Junto con Vero, que prepara el ingreso a Medicina, viene su novio, que atiende la carnicería del padre (Roger, pronunciado con la ge a la argentina). Mucho antes de que la rivalidad entre Esteban y Roger termine a las trompadas en un picado, la sintonía fina entre actores y cámara-sismógrafo la hace pesar en el cuadro, sin necesidad de ir a un plano corto. A Godfrid, Sasiaín y Gullco les basta encuadrar desde una distancia media para que, ante la llegada del rival, el cambio casi imperceptible de la expresión de Esteban revele que Roger se acerca, fuera de campo. Otro ejemplo perfecto de distancia focal en La Tigra, Chaco puede advertirse en la escena en que Roger pasa a buscar a Vero en moto. La cámara, que estaba tomando a la chica a cierta distancia, no se mueve. Deja que la moto entre en cuadro, al fondo, y desde allí observa cómo Vero monta y se van. Para qué acercarse, si de lejos también se ve.
En otra escena, Roger afila sus cuchillos, en la carnicería, mientras por detrás pasa Esteban en bicicleta. Pero la cámara de Gullco no capta sólo rivalidades cabrías. No hay escena entre Ezequiel Tronconi y Guadalupe Docampo en la que la química entre ambos no fluya de un modo que en el cine argentino no se veía desde vaya a saber cuándo. Que ambos actores son extraordinarios salta a la vista. Pero más extraordinaria es la comunicación entre ellos y la cámara, que siempre los observa desde una única posición. Esteban y Vero titubean, hablan de pavadas, se interrumpen, desvían la vista, sonríen nerviosamente, y todo ello adquiere el carácter de una invisible e hipnótica coreografía.
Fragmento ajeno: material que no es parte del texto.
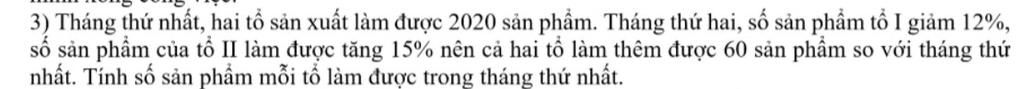Vì tháng thứ hai , số sản phẩm tổ `I` giảm `12%` , số sản phẩm tổ `II` tăng `15%` nên cả hai tổ làm thêm được `60` sản phẩm

Habría que dedicarle espacio a esa Chus Lampreave del nordeste argentino que es la tía checa (Ana Allende), a la sabia interrelación entre actores porteños y no actores provincianos, a la drástica erradicación de todo folklore. Pero antes que eso hay que hablar, sí o sí, de los dos últimos planos de la película. No contar de qué tratan, sino encomiar, en ellos, un manejo del fuera de campo, de la secuenciación, de la economía expresiva, del tratamiento lumínico, de una forma de emotividad pudorosa e indirecta que debería considerarse magistral, si no fuera que se está hablando de una ópera prima. De la mejor ópera prima argentina desde... ¿desde Ana y los otros? Una película, en este caso la de Celina Murga, tan próxima a ésta en términos geográficos como éticos y estilísticos. Pero eso debería ser tema de otra nota.